[Stored items from a collection]

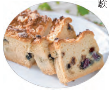
無農薬ブルーベリーを使用した「ブルーベリーのクランブルケーキ」450円。クランブルのザクザク感とブルーベリーの甘酸っぱさが特徴。

円山の住宅街にひっそりと佇む小さな一軒家。「issue (イシュー)」と書かれた小さな看板を頼りに扉を開けると、焼き菓子の甘い香りがふんわりと漂います。棚の上にはマドレーヌやフィナンシエ、パウンドケーキなどの美味しそうなお菓子がずらり。一見すると普通の菓子屋さんにも見えますが、こちらで製造・販売するお菓子は全て、卵・小麦粉・乳製品・白砂糖を含まず、動物性食材は一切使っていないのも関わらず、見た目や美味しさはそのままと同じ魔法のようなお菓子を提供しています。
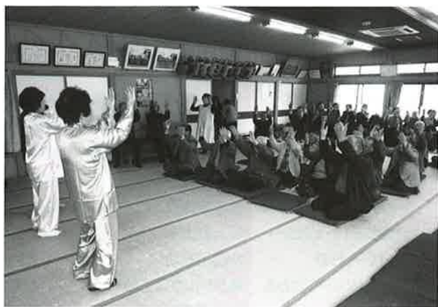
2月22日に広原東区民館で開催された高齢者健康増進ふれあい会食会の様子です。当日は68名の参加があり、委員さんによる太極拳などのプログラムに、参加者の笑顔あふれる楽しい会食会となりました。

今後とも、広原地区の皆様とともに歩める広原地区社会福祉協議会として活動予定です。
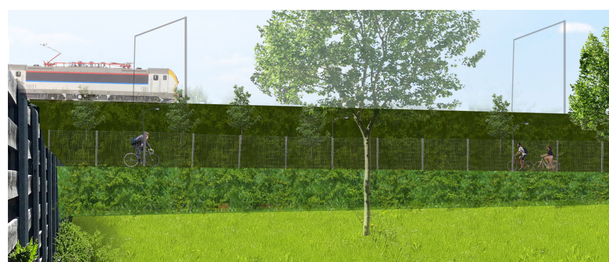
voorbeeld hekwerk en laag groen
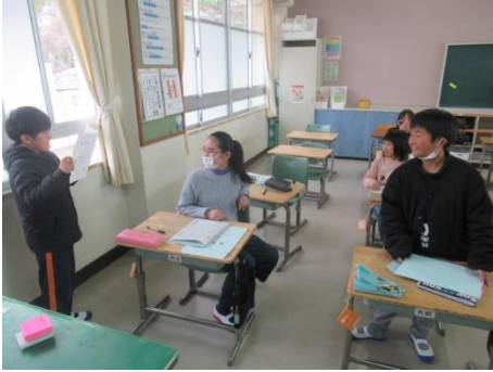
担任からのメッセージ
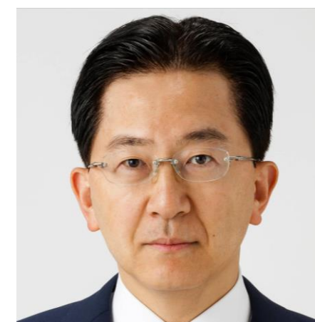
岩手県知事 達増 拓也
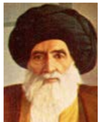
السيد ابو الحسن الاصفهاني (رض)

مجرانا من خدام الدين... ان جميع المسلمين اخوان تجمعهم كلمة الاسلام وراية القرآن الكريم والنبي الاكرم صلى الله عليه واله (وصحبه.).
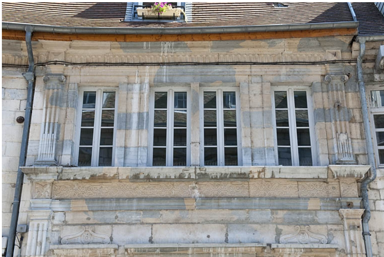
Façade sur rue : partie gauche, détail des fenêtres du premier étage.

25, Besançon, 3bis, 5 rue des Granges, lieudit : îlot Carmélites

> What is being asked
With the pictures removed, return the data above word for word.

> Output
無農薬ブルーベリーを使用した「ブルーベリーのクランブルケーキ」450円。クランブルのザクザク感とブルーベリーの甘酸っぱさが特徴。

円山の住宅街にひっそりと佇む小さな一軒家。「issue (イシュー)」と書かれた小さな看板を頼りに扉を開けると、焼き菓子の甘い香りがふんわりと漂います。棚の上にはマドレーヌやフィナンシエ、パウンドケーキなどの美味しそうなお菓子がずらり。一見すると普通の菓子屋さんにも見えますが、こちらで製造・販売するお菓子は全て、卵・小麦粉・乳製品・白砂糖を含まず、動物性食材は一切使っていないのも関わらず、見た目や美味しさはそのままと同じ魔法のようなお菓子を提供しています。
2月22日に広原東区民館で開催された高齢者健康増進ふれあい会食会の様子です。当日は68名の参加があり、委員さんによる太極拳などのプログラムに、参加者の笑顔あふれる楽しい会食会となりました。

今後とも、広原地区の皆様とともに歩める広原地区社会福祉協議会として活動予定です。
voorbeeld hekwerk en laag groen
担任からのメッセージ
岩手県知事 達増 拓也
السيد ابو الحسن الاصفهاني (رض)

مجرانا من خدام الدين... ان جميع المسلمين اخوان تجمعهم كلمة الاسلام وراية القرآن الكريم والنبي الاكرم صلى الله عليه واله (وصحبه.).
Façade sur rue : partie gauche, détail des fenêtres du premier étage.

25, Besançon, 3bis, 5 rue des Granges, lieudit : îlot Carmélites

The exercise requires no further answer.